Francesco Anelli (1805–1878) was an Italian-American Romantic period artist. He is best known for his oil painting that depicts Julia Gardiner Tyler, the second wife of the 10th U.S. President John Tyler. Anelli's monumental masterpiece and most acclaimed painting, entitled The End of the World, has been lost.

==Early life==
Anelli was quite celebrated in his own time, especially for his monumental work called The End of the World. He was born in Italy and emigrated to New York City from Milan in about 1835. Almost immediately Anelli attracted a good deal of attention, not for his portraits, but for his gigantic apocalyptic historical pictures, beginning with his rendering of a family group during the Deluge, which was the principal work in an exhibition of his pictures shown in rooms at the New York Athenaeum on Chambers Street at the end of 1836.

==Portrait style==
Anelli's portrait style is distinctive—in its sharp linearity, bright lighting, and highly reflective surfaces—and appears the antithesis of the dominant romantic approach to portraiture practiced contemporaneously by Thomas Sully (1783–1872), Henry Inman (1801–1846), and Samuel F. B. Morse (1791–1872). Anelli's manner corresponded to that practiced by other immigrant Italian and German painters such as Spiridione Gambardella (active 1838–39), Gherlando Marsiglia (1792–1850), and Christian Mayr (about 1805–1851), whose works are all relatively little known today. In 1839 the painter-critic John Kenrick Fisher (born 1807) distinguished these portraitists, along with Charles Cromwell Ingham (1796–1863), as the practitioners of an exceptional and distinctive style, which he denounced as "prompted and encouraged by an aberration of the public taste."

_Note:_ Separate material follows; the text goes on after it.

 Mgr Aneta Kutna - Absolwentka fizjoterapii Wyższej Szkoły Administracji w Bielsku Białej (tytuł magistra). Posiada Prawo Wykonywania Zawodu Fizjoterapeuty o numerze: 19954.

In 1843 Anelli had on his easel Conrad and Medora (unlocated) taken from Lord Byron's Corsair, while his most acclaimed painting was the Opening of the Sixth Seal, or The End of the World (unlocated), which was shown at the Apollo Rooms at 410 Broadway in New York City in April 1844. This picture—which offered the light and promise of Christianity as humanity's only spiritual salvation in the face of utter annihilation—displayed lurid light effects complete with dark clouds, bloody skies and lightning, and centered on a figure representing the church, or the spouse of Christ, with a crumbling temple and a bewildered and terrified multitude of sinners, both repentant and unrepentant, in a "grand catastrophe". The picture, hailed in the press as the largest painting in America—measuring 23 feet by 19 feet—was described as a masterwork and considered the "Boldest attempt at the highest effect in art, which has yet been made on this side of the Atlantic." Anelli toured his masterwork through the northeastern United States and continued to create allegorical compositions derived from historical and biblical sources.

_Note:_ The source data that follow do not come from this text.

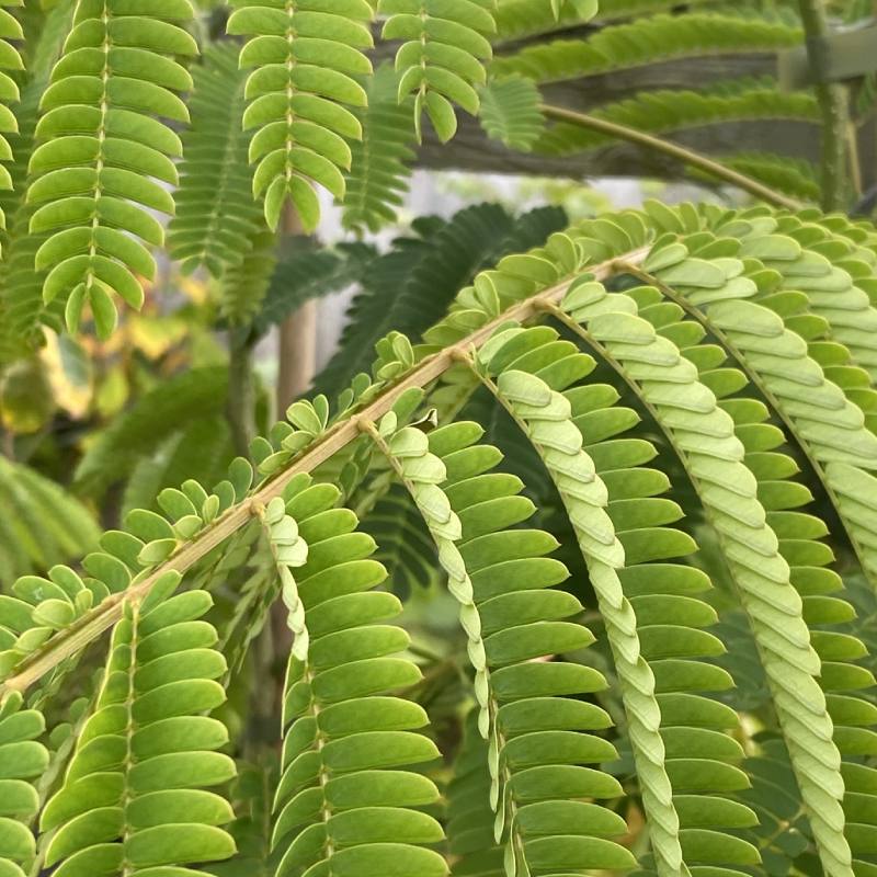 Albizia julibrissin Ombrella, Silk Tree, Powder Puff Tree. Deciduous, exotic-looking tree with delicate green, feathery leaves and pick/white fluffy flowers in summer. Full sun, well-drained soil, sheltered location. Protect from cold winds and frosts. Drought tolerant once established. Full height, 3m+.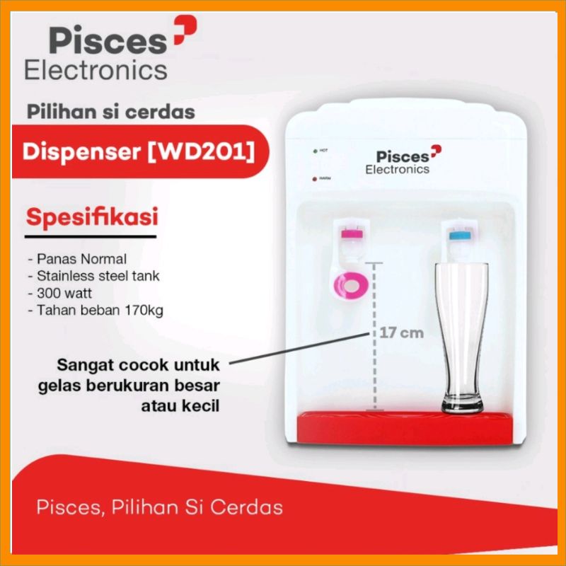 Spesifikasi: *Tipe Produk : Pisces WD-201 * Jenis : Dispenser * Warna : White Red * Tap Keran : 2 Keran (Panas+Normal) * Temperature : Menghasilkan air panas dengan suhu hingga 92c * Daya Pemanas : 300 watt * Dimensi Produk : 28x28x40 * Body Kokoh Tahan beban sampai 170 kg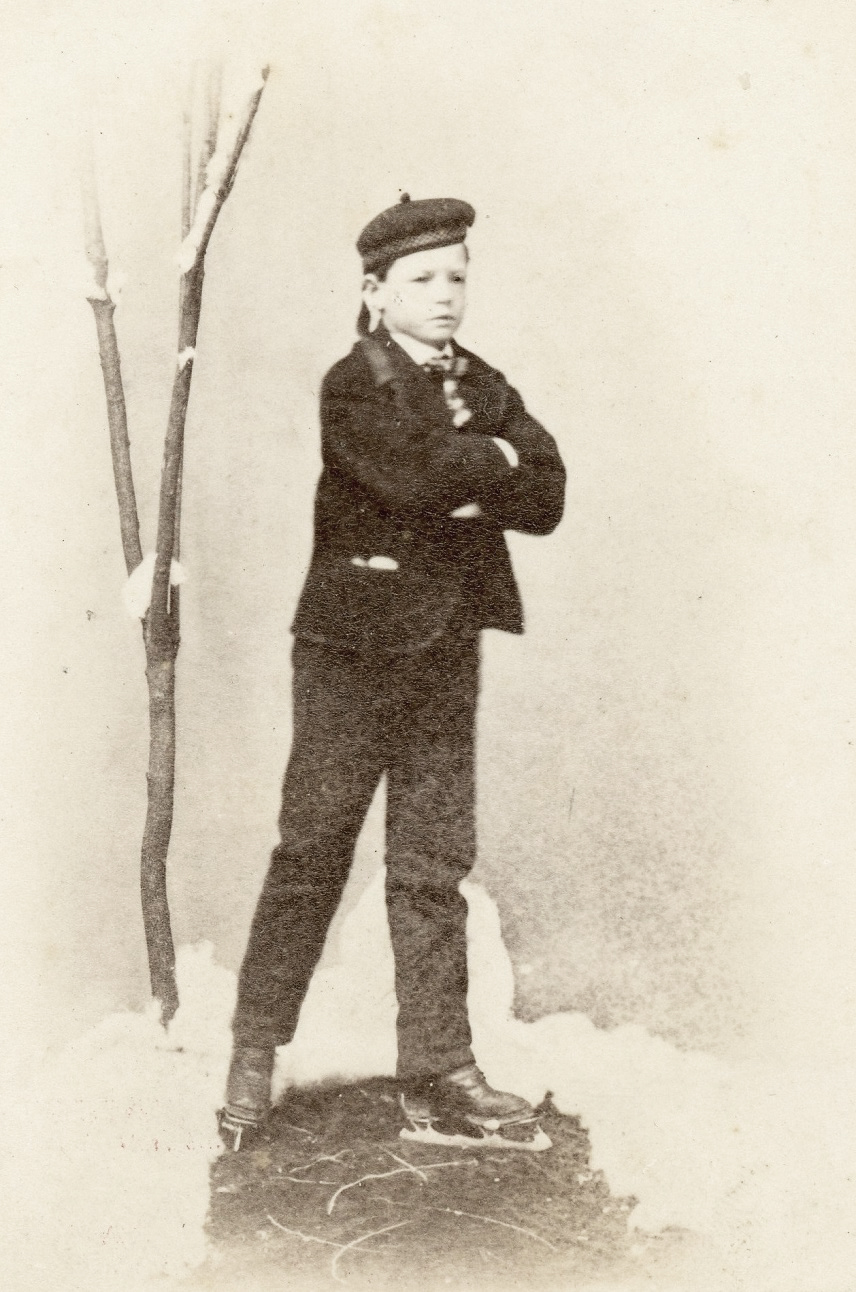 I first thought he was wearing boot skates that were first invented about 1848 but on closer inspection, he is wearing the clip on type skate. In the photo, his shoe is shorter then the length of the skate. Makes sense that, if the picture was taken in a studio which it most probably was given the fake snow, that the photographer would have strap on or clip on skates that could be used with more clients with larger or smaller feet.

In the early decades of the 19th century, apocalyptic fascination was manifest visually by such artists as Benjamin West, Rembrandt Peale, and Washington Allston. The End of the World, which was exhibited in New York, Boston, Portland, Maine, and Brooklyn from 1844 through at least 1850, attests to this continued apocalyptic tradition. Anelli, whose stated aim was "to represent a great catastrophe to the world" and not "a doctrine", claimed he had no wish to engage in arguments with philosophers or naturalists concerning the particulars of this catastrophe.

==Diogenes Successful==
In the New York Crystal Palace at the World's Fair—held in New York City in 1853—he showed Diogenes Successful (unlocated), wherein Diogenes had finally located his truly "honest man" in the person of George Washington.

==Boston Athenaeum, and the National Academy of Design==
When Anelli first began to contribute paintings to the annual exhibitions held at the Boston Athenaeum and the National Academy of Design, New York, he showed only portraits. Probably the most notable of these is the depiction of Julia Gardiner Tyler (1820–1889), the second wife of the 10th U.S. President John Tyler.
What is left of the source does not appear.